The act is “a damaging blow to the Commission’s goal of turning the EU into a global A.I. leader,” stated Benjamin Mueller, a senior policy analyst at the Center for Data Innovation of Washington, DC, industry consultants funded indirectly by US tech companies, to Fortune.
The proposed act would create “a thicket of new rules that will hamstring companies hoping to build and use AI in Europe,” causing European companies to fall behind, he suggested.
A different tack was taken by the Computer & Communications Industry Association, also in Washington, DC, which advocates for a range of technology firms. “We are encouraged by the EU’s risk-based approach to ensure that Europeans can trust and will benefit from AI solutions,” stated Christian Borggreen, the association’s vice president, in a statement. He cautioned that the regulations would need more clarity and that “regulation alone will not make the EU a leader in AI.”
AI Board Would Oversee How EU AI Act is Implemented
The EU’s AI Act also proposes a European Artificial Intelligence Board, made up of regulators from each member state, as well as the European Data Protection Supervisor, to oversee harmony in how the law is implemented. The board would also, according to Fortune, be responsible for recommending which AI use cases should be deemed “high-risk.”
Examples of high-risk use cases include: critical infrastructure that puts individual life and health at risk; models that determine access to education or professional training; worker management; access to financial services such as loans; law enforcement; and migration and border control. Models in those high-risk areas would need to undergo a risk assessment and take steps to mitigate dangers.
Daniel Leufer, a European policy analyst for Access Now, a non-profit focused on digital rights of individuals, said in an account from BBC News that the proposed AI Law is vague in many areas. “How do we determine what is to somebody’s detriment? And who assesses this?” he stated in a tweet.
Leufer suggested the AI Act should be expanded to include all public sector AI systems, whatever their risk level. “This is because people typically do not have a choice about whether or not to interact with an AI system in the public sector,” he stated.
Herbert Swaniker, a lawyer at Clifford Chance, an international law firm based in London, stated the proposed law “will require a fundamental shift in how AI is designed” for suppliers of AI products and services.
Social scoring systems such as those used in China that rate the trustworthiness of individuals and businesses would be classified as contrary to ‘Union values” and be banned, according to an account from Politico.
AI Use by the Military Exempted
The proposal would also ban AI systems used for mass surveillance or that cause harm to people by manipulating their behavior.

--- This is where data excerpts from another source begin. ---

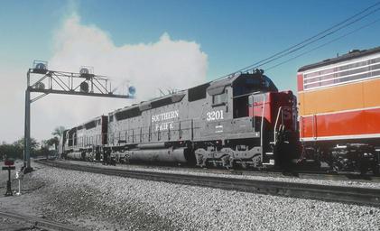 <b> A Roger Puta Photograph</b> southernpacific Southern Pacific Special - 19 Photos (30826315422).jpg en Roger Puta took this photo in San Jose CA <br> The Southern Pacific ran two passenger specials from San Jose to Sacramento and return on the weekend of April 27 and 28 1985 One on each day On Sunday 6051 remained in Sacramento to become an artifact at the California State Railroad Museum I'm pretty sure Roger shot the Saturday morning train to Sacramento He put no captions on these slides Some of the locations have been positively identified by landmarks A few are a little soft <br> The power was E9A 6051 and commuter SDP45s 3201 and 3207 <br> <b> A Roger Puta Photograph</b> 2016-11-12 13 38 54 https //www flickr com/people/129679309 N05 railfan 44 https //www flickr com/photos/129679309 N05/30826315422/ User Fæ/Flickr API Puta's Southern Pacific Employee's Special April 1985 Puta's UP and pre-Union Pacific Photos train railroad railfans fallen flags United States Locomotive Photographers Western Railroads American Rails North American Railroads U S Railfan Pictures All Locomotives Railroad Picture Hall of Fame Classic EMD Power EMD Gallery California Railfans Western US Railroad Photography Railroad Sightings Railroad Photography Junction Southern Pacific Cc-zero RogerPuta Photographs by Roger Puta Photos uploaded from Flickr by Fæ using a script 1985 in rail transport in the United States |
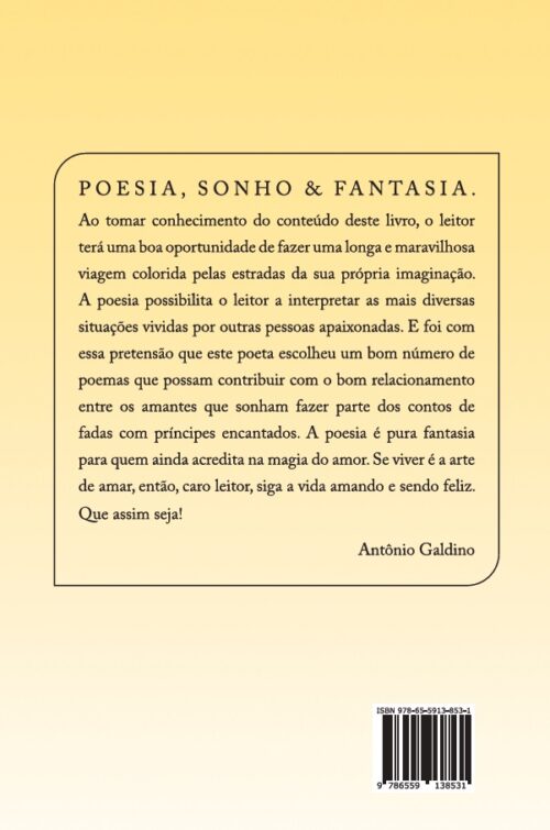 Ao tomar conhecimento do conteúdo deste livro, o leitor terá uma boa oportunidade de fazer uma longa e maravilhosa viagem colorida pelas estradas da sua própria imaginação. A poesia possibilita o leitor a interpretar as mais diversas situações vividas por outras pessoas apaixonadas. E foi com essa pretensão que este poeta escolheu um bom número de poemas que possam contribuir com o bom relacionamento entre os amantes que sonham fazer parte dos contos de fadas com príncipes encantados. A poesia é pura fantasia para quem ainda acredita na magia do amor. Se viver é a arte de amar, então, caro leitor, siga a vida amando e sendo feliz.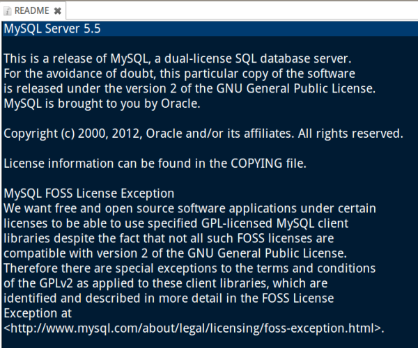 ▲ 圖1 MySQL 5.5.25 自由開源版本中 README 的授權資訊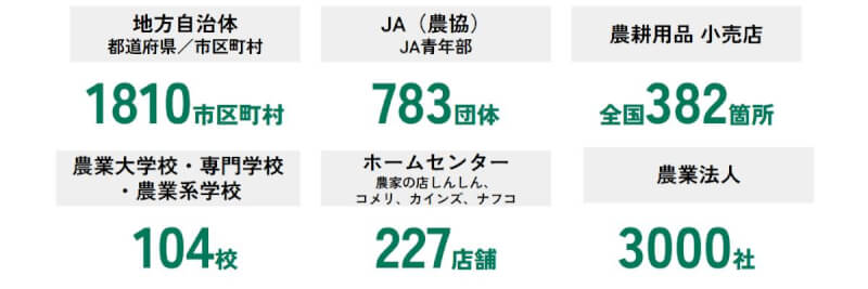 ● 主な配布先:地方自治体、JA(農協)、ホームセンター、農業法人、ホームセンター、展示会 など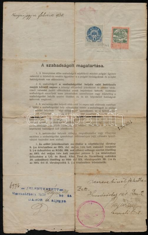 1918 Népfölkelő szabadságolási igazolvány, sérült. https://www.darabanth.com/de/344-Fernauktion/344.0/Kunst-Dokumente-andere-Sammelgebiete/Militaria~29/1918-Nepfolkelo-szabadsagolasi-igazolvany-serult~II1940590
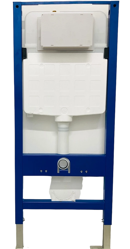 Система инсталляции для подвесных унитазов с клавишей, предназначена для оборудования санузлов. Несущая рама инсталляции монтируется в капитальную стену, зашивается гипсокартонными влагостойкими листами ГВЛ и др., с последующим декорированием кафельной плиткой. Смывная клавиша и подвесной унитаз выносятся на стену.

Military systems would be exempt from the AI Act, as would technology for fighting serious crime, or facial recognition if being used to find terrorists. One critic said the exceptions make the proposal subject to much interpretation.
“Giving discretion to national authorities to decide which use cases to permit or not simply recreates the loopholes and gray areas that we already have under current legislation and which have led to widespread harm and abuse,” stated Ella Jakubowska of digital rights group EDRi, in the account from Politico.
An earlier Politico interview with Eric Schmidt, former CEO of Google and chair of the US National Security Commission on AI, presaged the confrontation of European values with American AI innovations. Europe’s strategy, Schmidt suggested, will not be successful because Europe is “simply not big enough” to compete.
“Europe will need to partner with the United States on these key platforms,” Schmidt stated, referring to American big tech companies which dominate the development of AI technologies.